Lorsqu'ils sont soumis à un champ électrique, chaque protéine dans l'échantillon migre à travers le gel jusqu'à ce qu'il atteigne un pH auquel il n'a pas de charge nette; à ce stade, le champ électrique ne peut pas conduire plus loin. Etant donné que les protéines ont des points isoélectriques différents, isoélectrofocalisation est un moyen efficace pour séparer les protéines.

2-D PAGE

électrophorèse PAGE 2-D est une combinaison de SDS-PAGE et la focalisation isoélectrique. La première étape consiste à séparer les protéines par isoélectrofocalisation; la seconde consiste à placer le gel à partir de la phase isoélectrofocalisation au sommet de l'autre plaque de gel, en traitant les protéines avec du SDS, et l'application d'un champ électrique.

Ainsi, 2-D PAGE sépare les protéines à la fois par le point isoélectrique et masse moléculaire pour former un 2-D "carte" des protéines dans l'échantillon.

Agarose Gel Electrophoresis

Les scientifiques se séparent généralement des fragments d'ADN en utilisant un gel d'agarose plutôt que d'un gel de polyacrylamide. Agarose est une poudre amylacée extraite à partir d'algues. Le mélange avec un tampon et le chauffage dans un four micro-ondes crée un gel épais qui se solidifie en refroidissant; un peigne d'échantillonnage crée alors «puits» dans le gel, qui maintiennent les échantillons de protéines.

une électrophorèse sur gel d'agarose est courant dans l'empreinte génétique, ainsi que dans les tests de polymorphisme (RFLP) de restriction des fragments de longueur; celle-ci est une technique plus ancienne qui consiste à couper l'ADN en fragments en utilisant des enzymes de restriction (enzymes qui forment des coupes à des séquences particulières), et en les séparant sur la base de la taille.

séquençage de l'ADN

La plupart des méthodes de séquençage de l'ADN comprennent l'électrophorèse sur gel de polyacrylamide. Dans ce processus, les chercheurs incubent des copies multiples d'une matrice d'ADN simple brin avec les nucléotides (les blocs de construction pour la synthèse de l'ADN) et de l'ADN polymérase (une enzyme qui réplique l'ADN).

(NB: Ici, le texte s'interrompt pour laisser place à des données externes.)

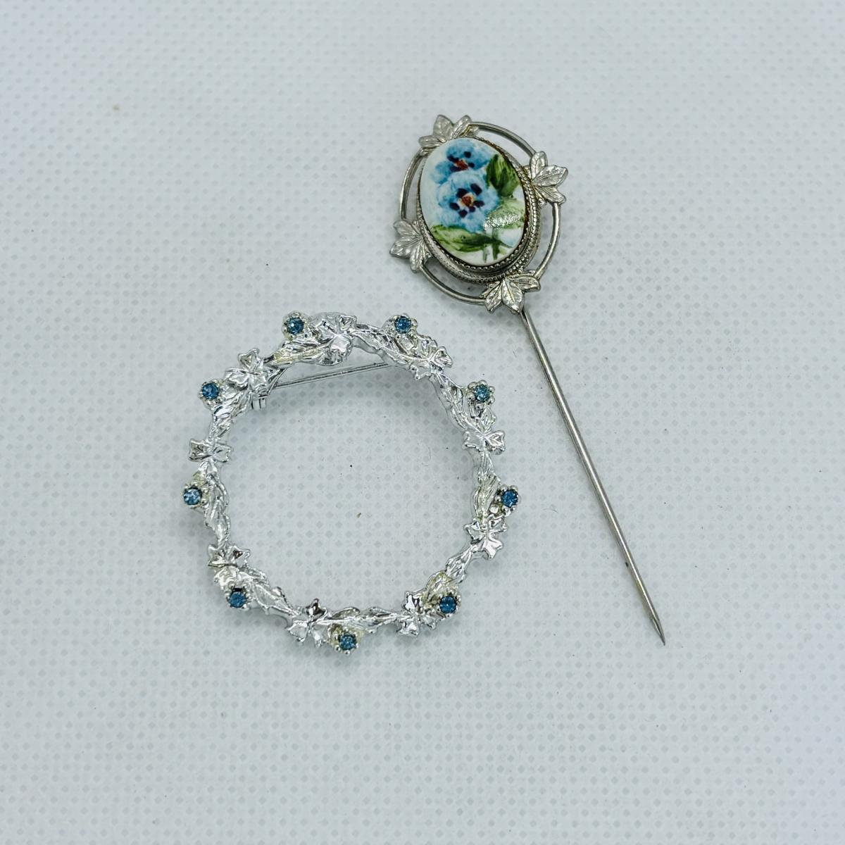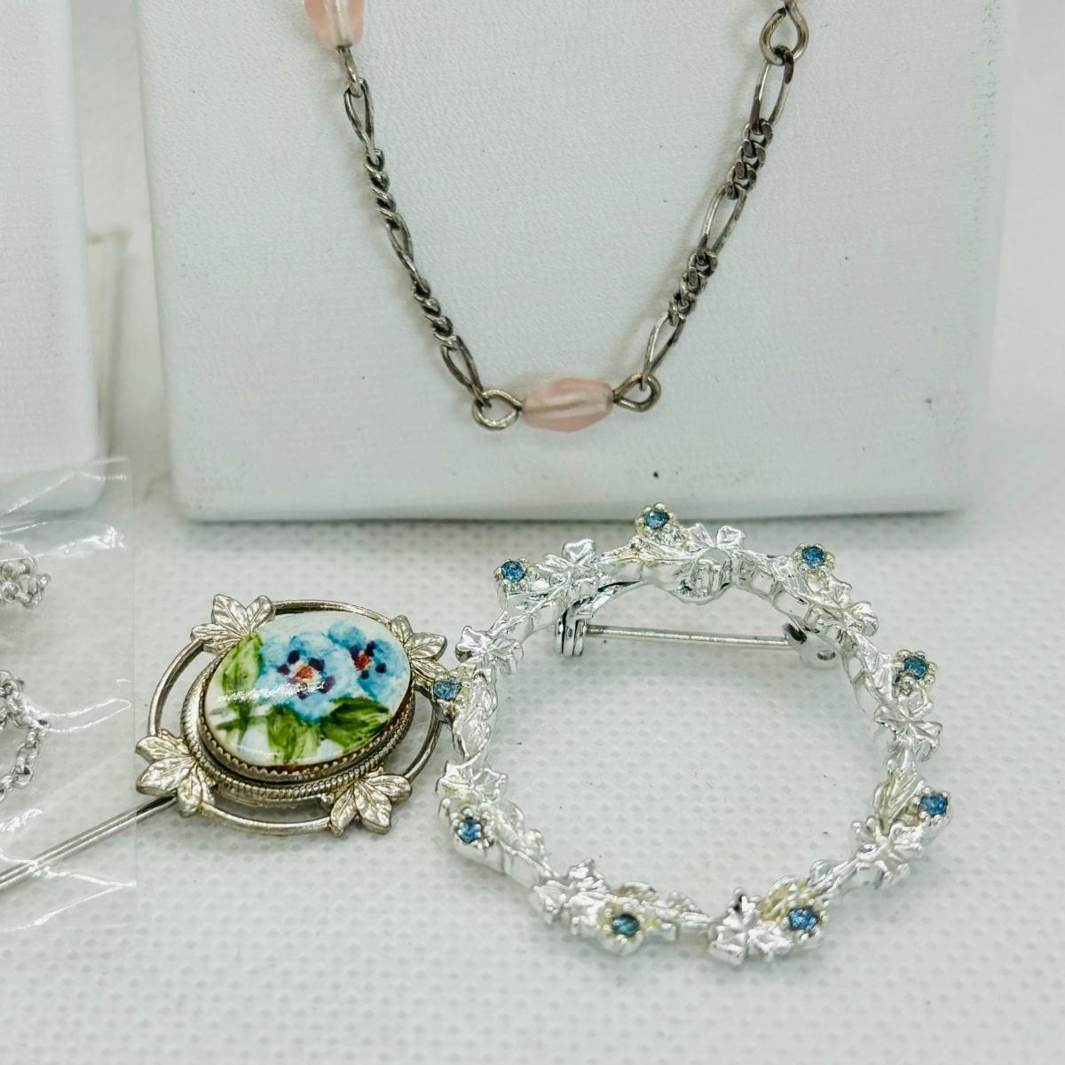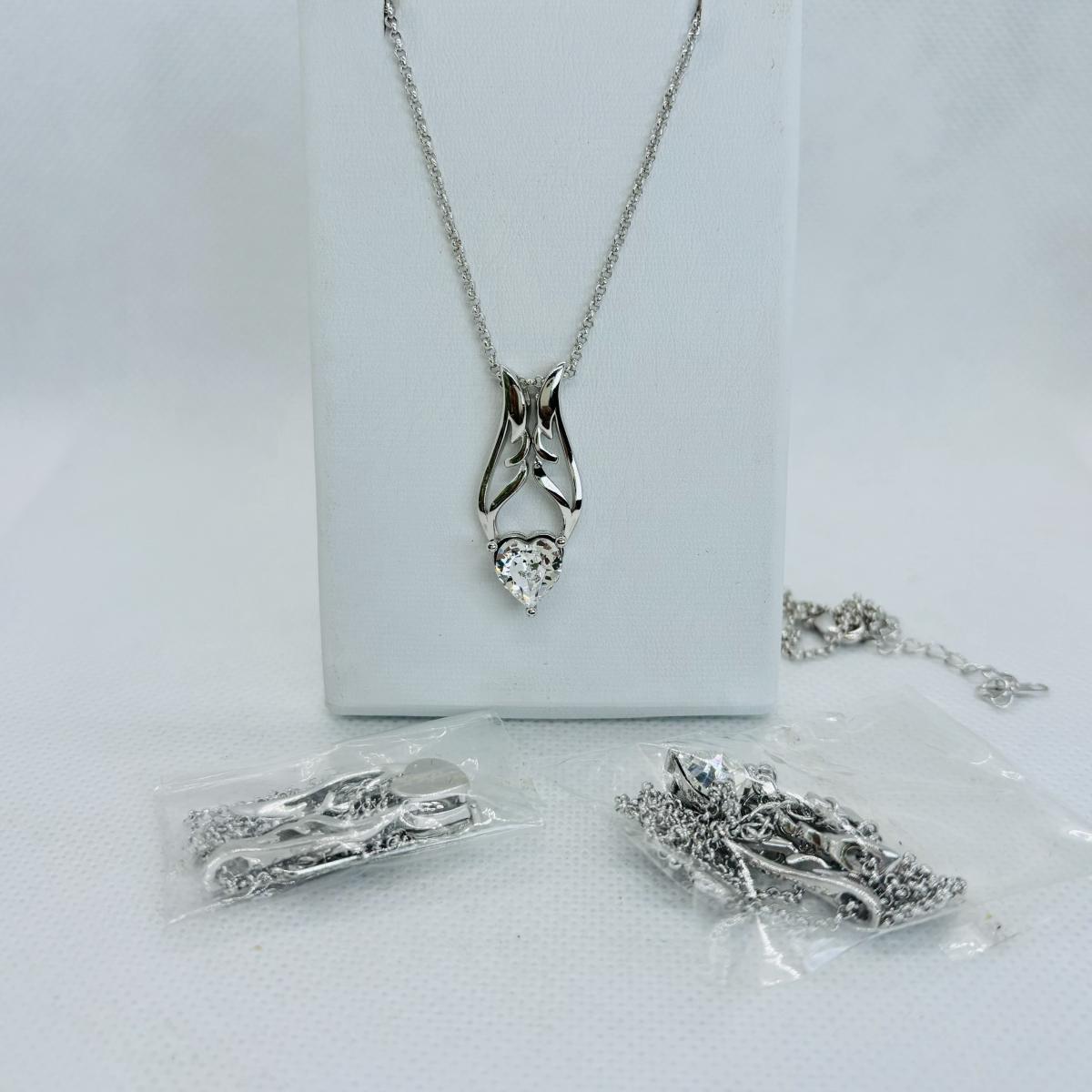 LOT 113: Silver Tone Collection Rhinestone Heart Necklace, Brooch, Stick Pin &n More

Lorsque certains nucléotides chimiquement modifiés se lient à l'extrémité d'une chaîne en croissance de nucléotides d'ADN, elles se terminent cette chaîne; ces nucléotides de terminaison de chaîne spéciaux sont appelés didésoxynucléotides. Il existe quatre types de didésoxynucléotides, dont chacune porte une couleur différente du colorant fluorescent.

Comme les ADN polymérases faire des copies de la matrice d'ADN simple brin, ils insèrent parfois un didésoxynucléotide en place d'un nucléotide ordinaire. Etant donné que cela se produit dans des endroits différents pour les différentes copies de la matrice, le mélange résultant contient des copies partielles de l'original qui se terminent par des endroits différents, et ont donc des longueurs différentes.

Ensuite, une électrophorèse sur gel de polyacrylamide sépare les fragments sur la base de la taille, et d'un détecteur spécifique identifie le colorant fluorescent sur le didésoxynucléotide à l'extrémité de chaque chaîne. L'ordre dans lequel ces colorants apparaissent révèle l'ordre des nucléotides dans la matrice d'ADN d'origine, et donc la séquence d'ADN d'origine.